In this tutorial, we’ll use the VGG16 model with Keras TensorFlow in the backend to try to identify distinct types of garbage scraps, then examine the results to see how the model may be used in practice.

What is VGG16?

A ConvNet is a type of artificial neural network that is also known as a convolutional neural network. An input layer, an output layer, and various hidden layers comprise a convolutional neural network. VGG16 is a CNN (Convolutional Neural Network) that is widely regarded as one of the best computer vision models available today. The creators of this model analyzed the networks and increased the depth with a very small (3*3) convolution filter architecture, which demonstrated a significant improvement over prior-art configurations. They increased the depth to 16-19 weight layers, resulting in approximately 138 trainable parameters.

VGG16 is an image classification algorithm that can classify 1000 images from 1000 different categories with an accuracy of 92.7%. It is a popular image classification algorithm that works well with transfer learning.

The architecture of VGG16 is as follows:

archi

1. The 16 in VGG16 refers to 16 weighted layers. VGG16 has thirteen convolutional layers, five Max Pooling layers, and three Dense layers in total, for a total of 21 layers, but only sixteen weight layers, i.e., learnable parameters layers.

2. The input tensor size for VGG16 is 224, 244 with three RGB channels.

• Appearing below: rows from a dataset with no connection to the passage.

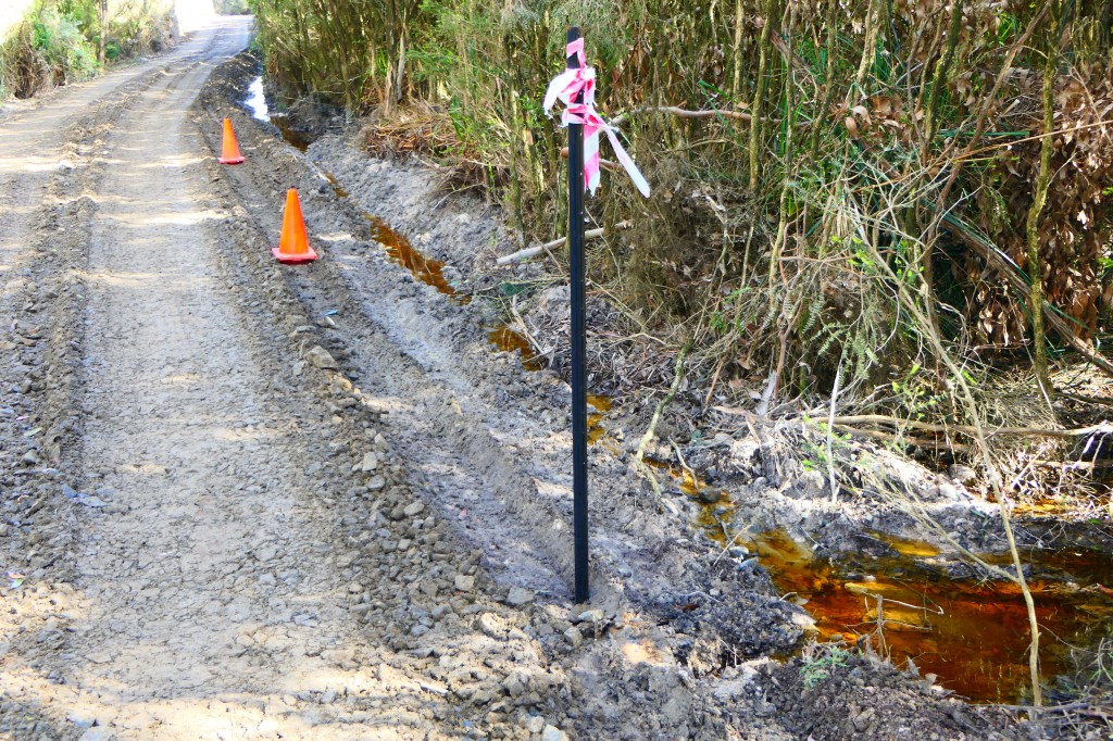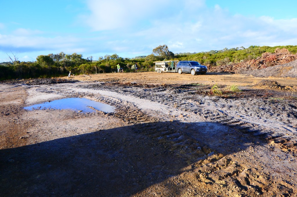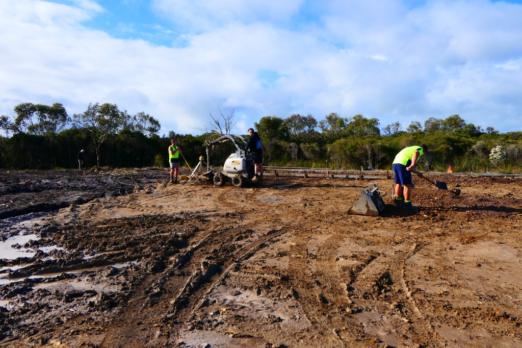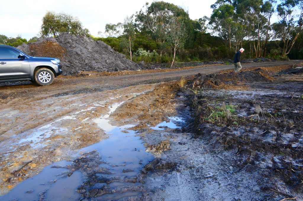 Moving the bulldozer excavator, grader and heavy tractor along the road has trashed it. We’ve had such a wet winter and spring, the road was almost impassable after they’d been through, just churned up mud after they’d been along it. And the house and shed site weren’t accessible – so much water on the ground.
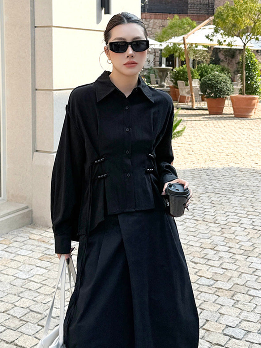 リネンブレンド特有のドライタッチな質感をもつ生地を使用し、フロントボタンとシャープな襟元で構成された設計。ウエスト部分にはドローコードとブラックビーズを組み合わせた装飾ディテールを内蔵し、縦方向のギャザーラインと奥行きのある立体フォルムを形成する構成。ドロップショルダーとボリュームスリーブが生み出す緩急のあるシルエットにより、モードと抜け感が共存する空気を描くデザイン。
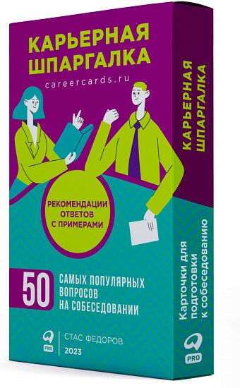 Залог успешной карьеры — постоянное саморазвитие, четкий план роста и достижения целей, гибкость и способность адаптироваться к изменениям, уверен автор «Карьерной шпаргалки» Стас Федоров. Комплект методических карточек он подготовил для того, чтобы помочь читателям лучше осознать их карьерные цели, проанализировать прежние ошибки, найти окна новых возможностей и, таким образом, оказаться полностью готовыми к первому этапу карьерных изменений — собеседованию в новой компании. Набор состоит из 50 карточек, каждая из которых содержит типичный вопрос из звучащих на собеседованиях, пояснение к вопросу, полезные советы (в том числе и наводки на книги по карьере, которые стоит почитать) и пример ответа. Прекрасно структурированная информация легко усваивается и перерабатывается в идеи и инструменты, которые необходимы кандидату, чтобы получить желаемую вакансию. Карточный формат имеет ряд преимуществ перед другими методиками подготовки и обучения: эффективность, простота применения, быстрый результат. В основе подхода лежит система Лейтнера. Геймификация процесса помогает лучше усваивать материал: без стресса и в игровой форме. С помощью карточек можно отрепетировать собеседование самостоятельно, с другом, с коллегой или карьерным консультантом.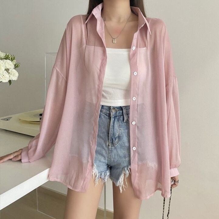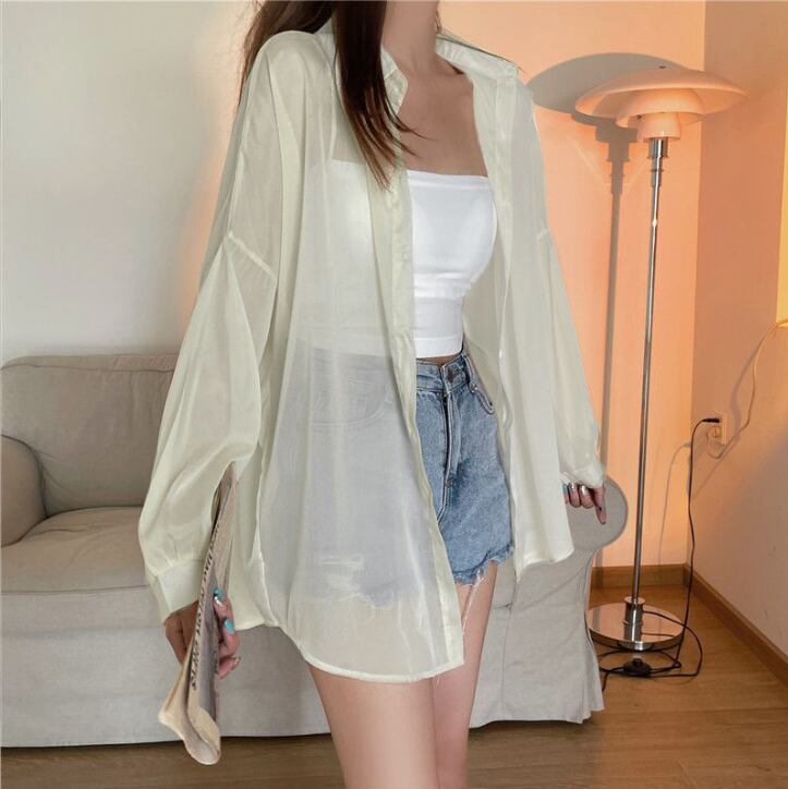レディース トップス ジャケット シャツ ブラウス ミドル丈 長袖 襟付き 角襟 フェミニン シフォン 透け感 ボタン 薄手 かわいい 大人可愛い きれいめ シンプル カジュアル 上品 おしゃれ レトロ こなれ感 ラフ ガーリー ルーズ モード系 モダン 主役級 存在感 抜け感 都会的 カントリー ナチュラル 清潔感 涼しげ リラックス 軽やか 通気性 無地 夏 デート お出かけ お泊まり 重ね着 普段使い 着回し モテ 清楚 トレンド 流行 インスタ映え 定番 日焼け止め S M L XL 2XL ゆっ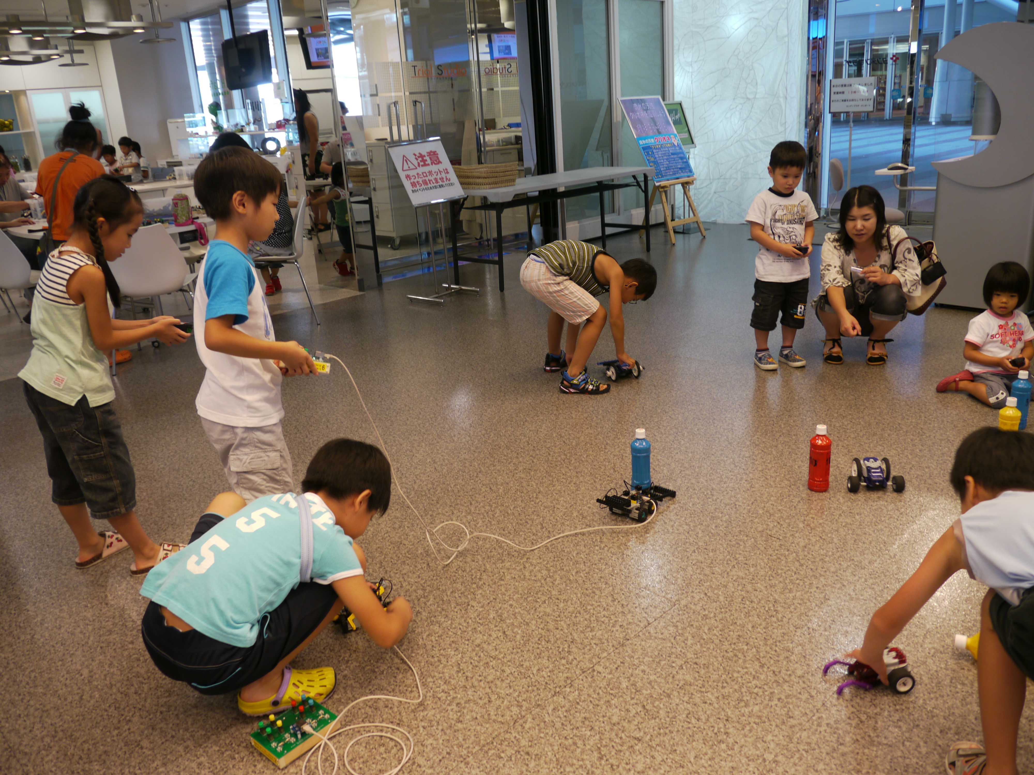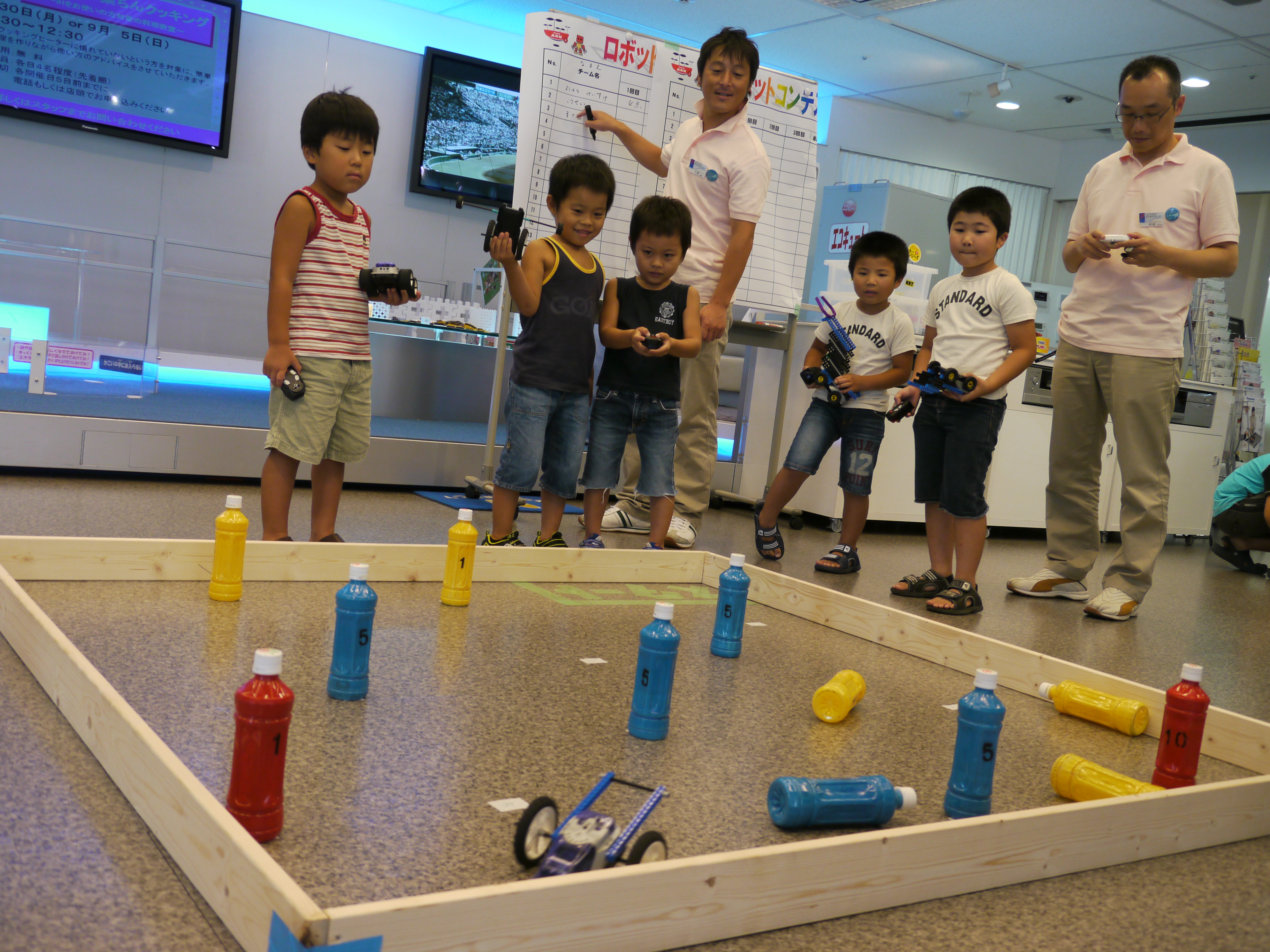後半に行われたゲームはフィールドの中に配置された得点のついたペットボトルを1分間に何点分倒せるかを競うもので、子供達は次々とチャレンジしたり、他の子のロボットの動きを観察したり・・・。中には思うようにロボットが動かず悔し涙を流す子、スタートした途端にロボットが壊れてしまい大爆笑する子、様々でした。そばで見守る保護者の方も思わず応援に熱が入り、声援を送る様子が印象的でした。ゲームで高得点が出た子はヨンデンプラザの方からサプライズで賞品がいただけ、大満足の様子でした。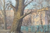 I was walking and saw an ancient huge poplar, and beneath it a puddle with a reflection. While painting, I added life with a local cat hunting crows. Life goes on...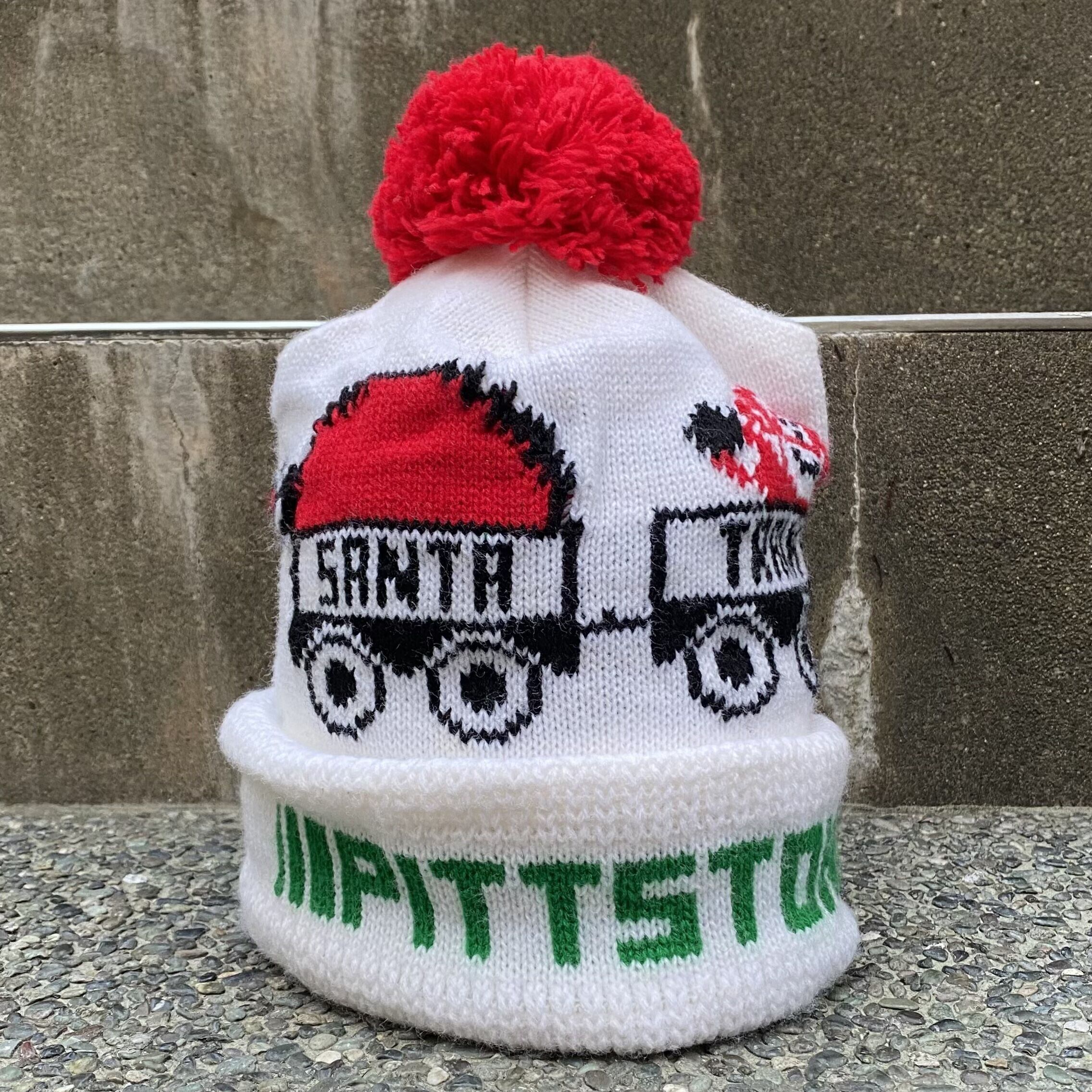 ホワイトxグリーン/ブラック/レッドのアクリル素材、PITTSTONとSANTA TRAIN柄が織柄で入り、天にボンボンが付いたデザインです。

3. The most distinctive feature of VGG16 is that, rather than having a large number of hyper-parameters, they focused on having convolution layers of 3x3 filter with stride 1 and always used the same padding and max pool layer of 2x2 filter with stride 2.

4. The convolution and max pool layers are arranged consistently throughout the architecture.

5. Conv-1 Layer has 64 filters, Conv-2 Layer has 128 filters, Conv-3 Layer has 256 filters, and Conv 4 and Conv 5 Layers have 512 filters.

6. Following a stack of convolutional layers, three Fully-Connected (FC) layers are added: the first two have 4096 channels each, while the third performs 1000-way ILSVRC classification and thus has 1000 channels (one for each class). The soft-max layer is the final layer.

Requirements

In this project, we are using Google Collab IDE with Python version 3.9.In our IDE we need to install certain libraries like :

pip install tensorflow

pip install numpy

pip install Pillow

pip install matplotlib

Import Libraries

Let's import all the required libraries which we installed earlier.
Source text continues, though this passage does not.